In 2017, Metal Hammer included the album in their list of "the 10 hair metal albums you need in your record collection". In 2018, Collin Brennan of Consequence included the album in his list of "10 Hair Metal Albums That Don’t Suck".

Professional ratings
Review scores
| Source | Rating |
| AllMusic | Star Half star |
| Collector's Guide to Hevy Metal | 9/10 |

==Production and composition==

Produced by Beau Hill, Out of the Cellar features Ratt's best-known hit, "Round and Round". It also contains other popular songs such as "Wanted Man", "Lack of Communication", and a re-recorded version of "Back for More". The latter song originally appeared on the EP Ratt. "In Your Direction" was a song that Pearcy wrote when the band was still called Mickey Ratt. "I'm Insane" and "Scene of the Crime" were songs Crosby had co-written and performed with his pre-Ratt band, Mac Meda, featuring future Riverdogs vocalist Rob Lamothe. "Wanted Man" was co-written by bassist Joey Cristofanilli, who had briefly substituted for Juan Croucier. Original lyrics for "She Wants Money" and "Lack of Communication" have been posted on Croucier's website.

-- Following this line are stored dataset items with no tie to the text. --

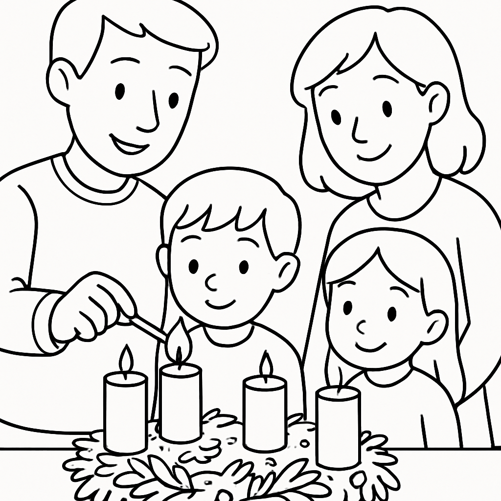 Eine Familie zündet die erste Kerze am Adventskranz an, während die anderen drei Kerzen deutlich sichtbar sind.
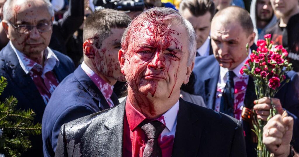 Ambasadorul Rusiei în Polonia, Serghei Andreev, a fost stropit luni cu o substanță roșie de manifestanți pro-ucraineni, la o ceremonie de la Varșovia în cadrul căreia a dorit să marcheze împlinirea a 77 de ani de la victoria URSS, SUA și a aliaților europeni împotriva Germaniei naziste în cel de-al doilea Război Mondial, relatează AFP, citată de Agerpres. Nu pare a fi vorba de o substanță toxică deoarece atât el, cât și persoanele din jurul său – inclusiv unii dintre protestatari – care au fost atinse pe piele de lichidul roșu nu au pățit nimic, după cum se observă din filmările de la fața locului. VIDEO: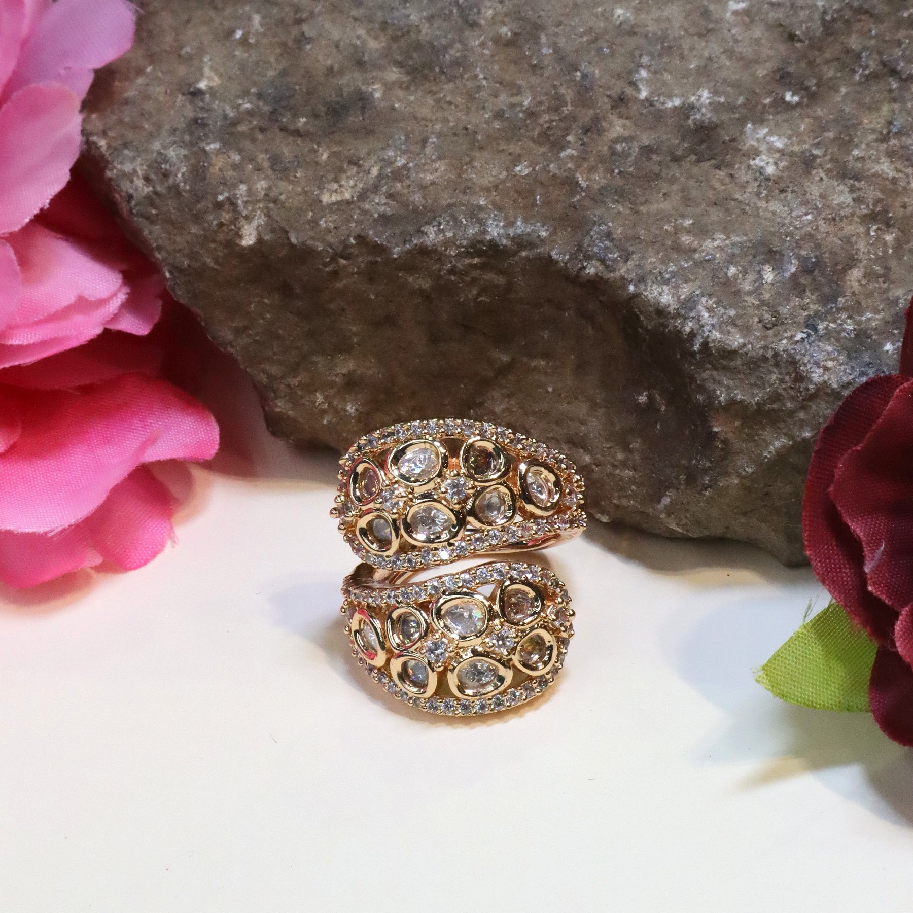 Gold-Toned Polki and Kundan Overlap Ring - SIA442499

According to interviews with Hill that were shot for the film Hair I Go Again, Tom Allom was originally slated to produce the record before he was recruited to do it.

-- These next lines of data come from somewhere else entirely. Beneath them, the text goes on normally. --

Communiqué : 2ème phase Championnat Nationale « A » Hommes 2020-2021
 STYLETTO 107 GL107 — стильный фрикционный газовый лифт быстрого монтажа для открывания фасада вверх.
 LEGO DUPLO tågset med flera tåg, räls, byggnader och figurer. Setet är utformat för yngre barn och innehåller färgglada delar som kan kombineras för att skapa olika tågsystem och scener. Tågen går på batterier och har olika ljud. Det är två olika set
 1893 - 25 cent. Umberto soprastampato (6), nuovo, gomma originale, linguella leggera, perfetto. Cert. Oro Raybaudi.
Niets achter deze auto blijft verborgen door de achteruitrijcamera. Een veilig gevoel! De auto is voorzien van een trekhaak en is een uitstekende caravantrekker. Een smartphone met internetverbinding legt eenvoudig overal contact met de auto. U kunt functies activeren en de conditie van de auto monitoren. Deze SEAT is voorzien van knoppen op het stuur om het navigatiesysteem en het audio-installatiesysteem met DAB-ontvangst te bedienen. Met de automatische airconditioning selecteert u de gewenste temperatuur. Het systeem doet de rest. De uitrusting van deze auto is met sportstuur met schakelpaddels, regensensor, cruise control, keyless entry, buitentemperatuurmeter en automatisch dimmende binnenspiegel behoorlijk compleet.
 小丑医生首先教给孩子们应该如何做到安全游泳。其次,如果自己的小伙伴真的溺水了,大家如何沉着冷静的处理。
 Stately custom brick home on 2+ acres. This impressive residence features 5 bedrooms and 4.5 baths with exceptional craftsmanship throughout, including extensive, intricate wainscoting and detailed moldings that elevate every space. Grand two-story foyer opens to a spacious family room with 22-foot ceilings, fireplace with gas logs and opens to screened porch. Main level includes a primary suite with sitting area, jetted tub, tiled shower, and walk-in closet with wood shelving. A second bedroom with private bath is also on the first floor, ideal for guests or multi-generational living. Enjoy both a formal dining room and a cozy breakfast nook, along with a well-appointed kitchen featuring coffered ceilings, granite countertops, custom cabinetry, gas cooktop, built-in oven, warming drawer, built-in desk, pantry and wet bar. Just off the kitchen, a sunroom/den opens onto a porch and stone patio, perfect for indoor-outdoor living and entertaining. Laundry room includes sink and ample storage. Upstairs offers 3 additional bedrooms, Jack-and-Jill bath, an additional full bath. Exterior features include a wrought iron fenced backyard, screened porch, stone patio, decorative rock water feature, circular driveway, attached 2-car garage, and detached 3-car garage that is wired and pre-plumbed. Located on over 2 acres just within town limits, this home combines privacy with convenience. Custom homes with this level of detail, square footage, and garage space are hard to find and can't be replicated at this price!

The 40th anniversary remaster includes one previously unreleased track, "Reach for the Sky". The song was co-written by Croucier, Pearcy and future Bulletboys frontman Marq Torien. Ratt re-used the title in 1988 for a studio album not including the song.

==Cover art==
The model on the album cover is actress Tawny Kitaen, better known for her appearances in Whitesnake music videos. The long-time girlfriend of Ratt guitarist Robbin Crosby at the time, Kitaen also appeared in the "Back for More" music video.

==Track listing==

Side one
| No. | Title | Writer(s) | Length |
|---|---|---|---|
| 1. | "Wanted Man" | Robbin Crosby; Stephen Pearcy; Joey Cristofanilli; | 3:37 |
| 2. | "You're in Trouble" | Crosby; Warren DeMartini; Juan Croucier; Pearcy; | 3:16 |
| 3. | "Round and Round" | DeMartini; Crosby; Pearcy; | 4:22 |
| 4. | "In Your Direction" | Pearcy | 3:30 |
| 5. | "She Wants Money" | Croucier | 3:04 |

Side two
| No. | Title | Writer(s) | Length |
|---|---|---|---|
| 1. | "Lack of Communication" | Croucier; Pearcy; | 3:52 |
| 2. | "Back for More" | Croucier; Pearcy; | 3:42 |
| 3. | "The Morning After" | DeMartini; Crosby; Pearcy; | 3:30 |
| 4. | "I'm Insane" | Crosby | 2:54 |
| 5. | "Scene of the Crime" | Crosby; Croucier; | 4:54 |
| Total length: |  |  | 37:19 |

40th Anniversary bonus track
| No. | Title | Writer(s) | Length |
|---|---|---|---|
| 11. | "Reach for the Sky" | Marq Torien; Croucier; Pearcy; | 3:26 |
| Total length: |  |  | 40:45 |

==Personnel==
Ratt
- Stephen Pearcy – lead vocals
- Robbin Crosby – guitars, backing vocals
- Warren DeMartini – guitars, backing vocals
- Bobby Blotzer – drums, percussion
- Juan Croucier – bass guitar, backing vocals

Technical
- Beau Hill – producer, engineer
- Jim Faraci – engineer
- Dave Clark – assistant engineer
- Clif Smith – assistant engineer
- Robin Laine – assistant engineer
- Ray Leonard – assistant engineer
- Dennis King – mastering
- Barry Levine – photography
- Tawny Kitaen – cover model
- Bob Defrin – art direction

==Charts==

| Chart (1984) | Peak position |
|---|---|
| Canada Top Albums/CDs (RPM) | 12 |
| US Billboard 200 | 7 |

==Certifications==

| Region | Certification | Certified units/sales |
| Canada (Music Canada) | Platinum | 100,000^{^} |
| Japan (RIAJ) | Gold | 100,000^{^} |
| United States (RIAA) | 3× Platinum | 3,000,000^{^} |
^{^} Shipments figures based on certification alone.